Look for confirmation. I look in the model portfolio of the other affiliates. Occasionally I will find overlap. If more than one respected analyst recommends the pick, it adds to my comfort level. I’ll check with my online broker and see how they rate the candidate.
Is the income worth the risk? We need a combination of income and safety. Is the income and anticipated appreciation worth risking my capital?
Does it offer any type of inflation protection? A CD or bond provides income but zero inflation protection. A stock price may rise; particularly if the company is in a position to quickly pass through inflationary price increases to their customers.
I have stock in a fuel distributor serving residential customers. When the price of fuel goes up, they can immediately pass through their cost increases. Look for a balance in your portfolio.
Can I exit my position quickly? Our recent article “Are Investors Trapped?” discusses the potential of a real liquidity crisis in a quick market downturn.
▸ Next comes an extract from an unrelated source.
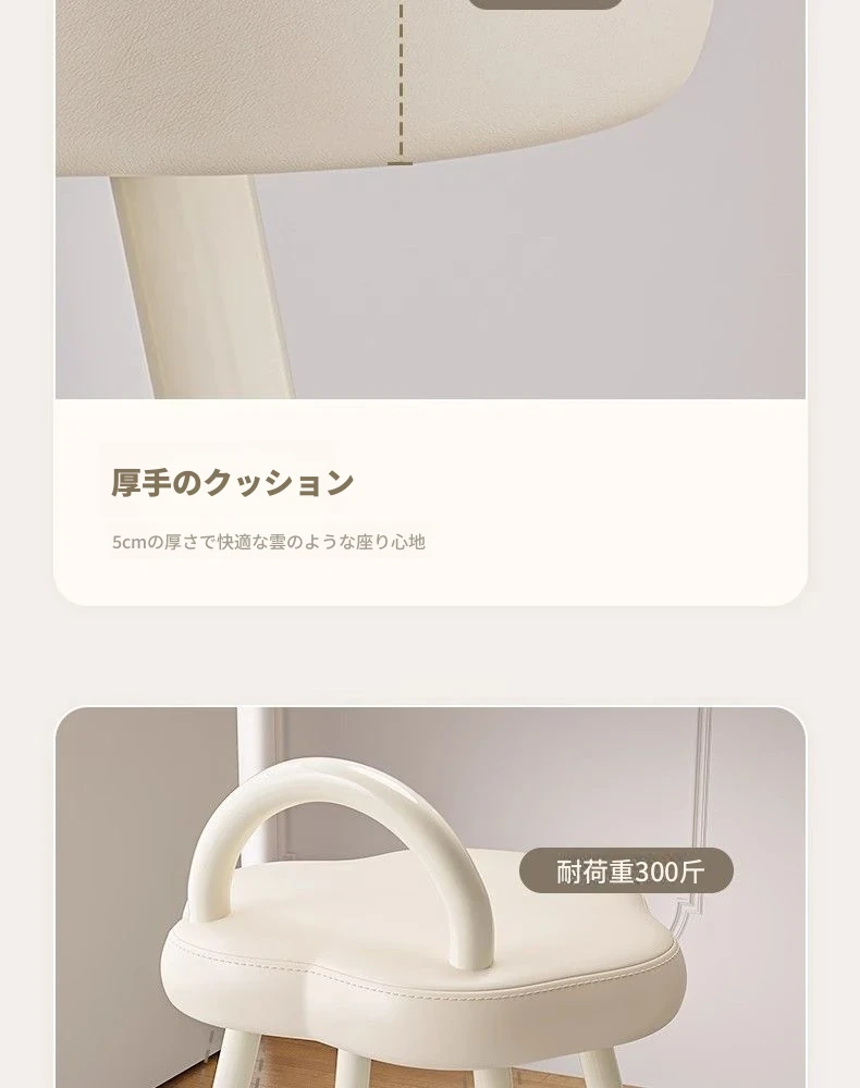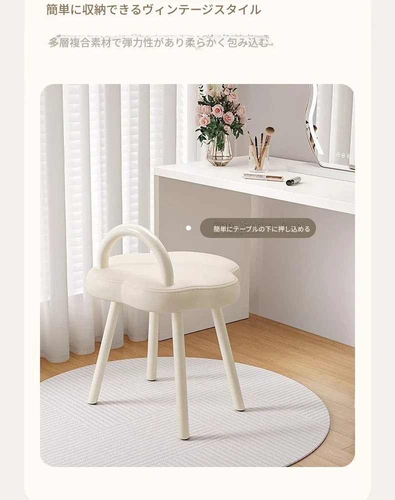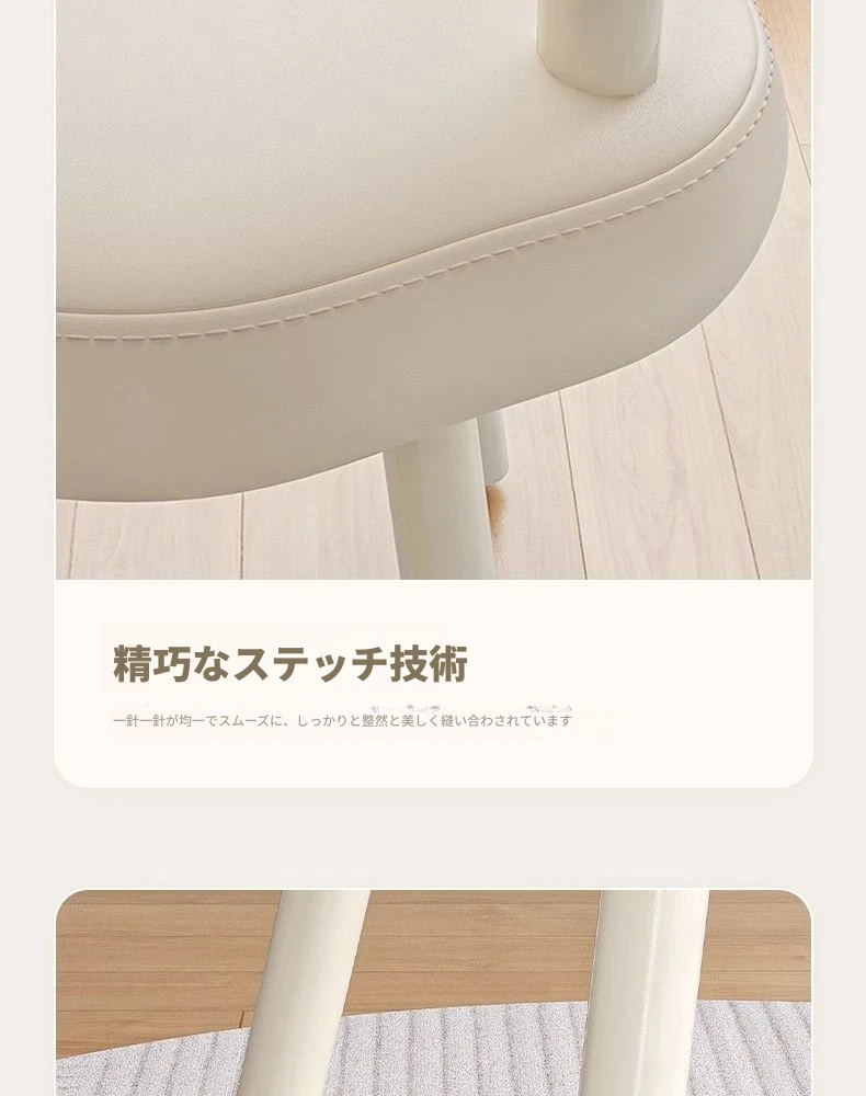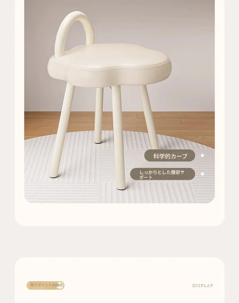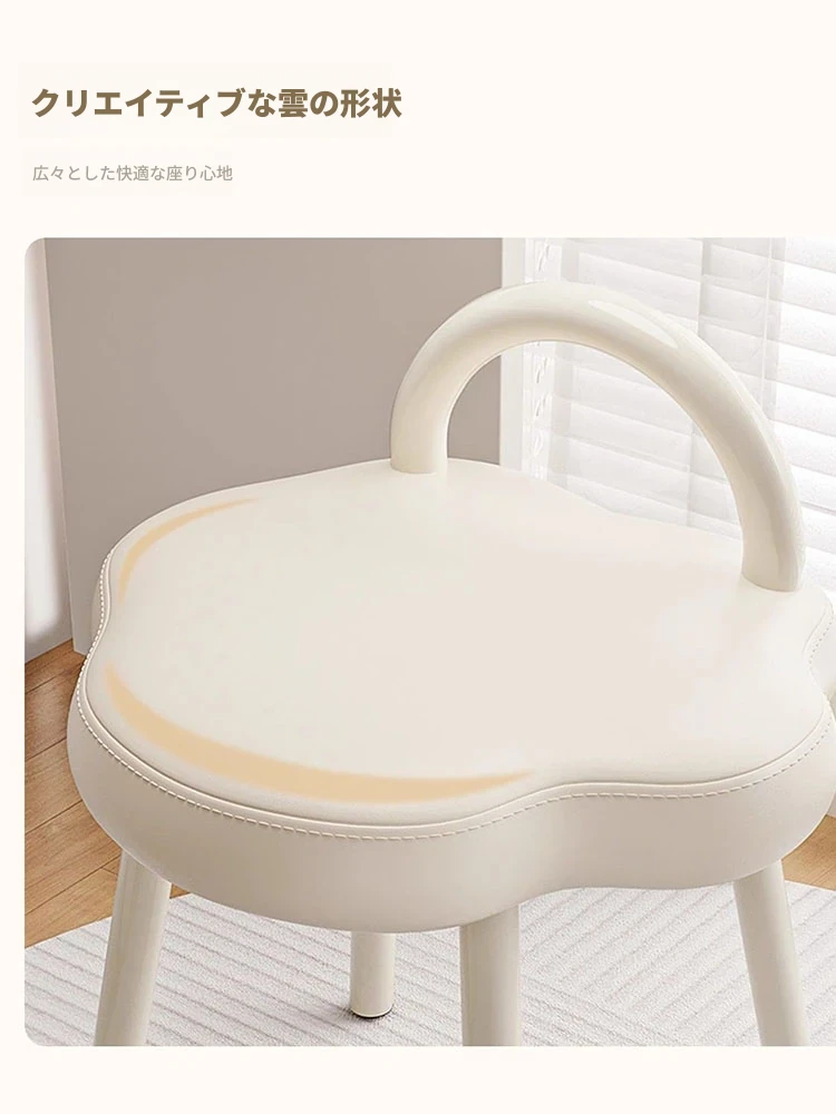 シンプルで高級感あふれるメイク台用スツール。クリームカラーのファッション感溢れる椅子。女の子のためのワードローブにぴったりな雲のようなデザイン。快適さとスタイルを兼ね備えた一品!

While I have investments in mutual funds, I realize exiting my position quickly could be very difficult. Given a choice, I prefer positions that I can go online and exit immediately.
One final reminder
I thought I was too busy and didn’t need to do any research on my own. I lost money and set my retirement date back a few years. The money I lost was gone forever. Using solid resources for investment research is a tremendous tool for all investors. It’s OK to delegate, but never abdicate our responsibility. It doesn’t take that much longer to do our homework to make sure we are safe.The #1 Secret You MUST Know Before Filing For Social Security...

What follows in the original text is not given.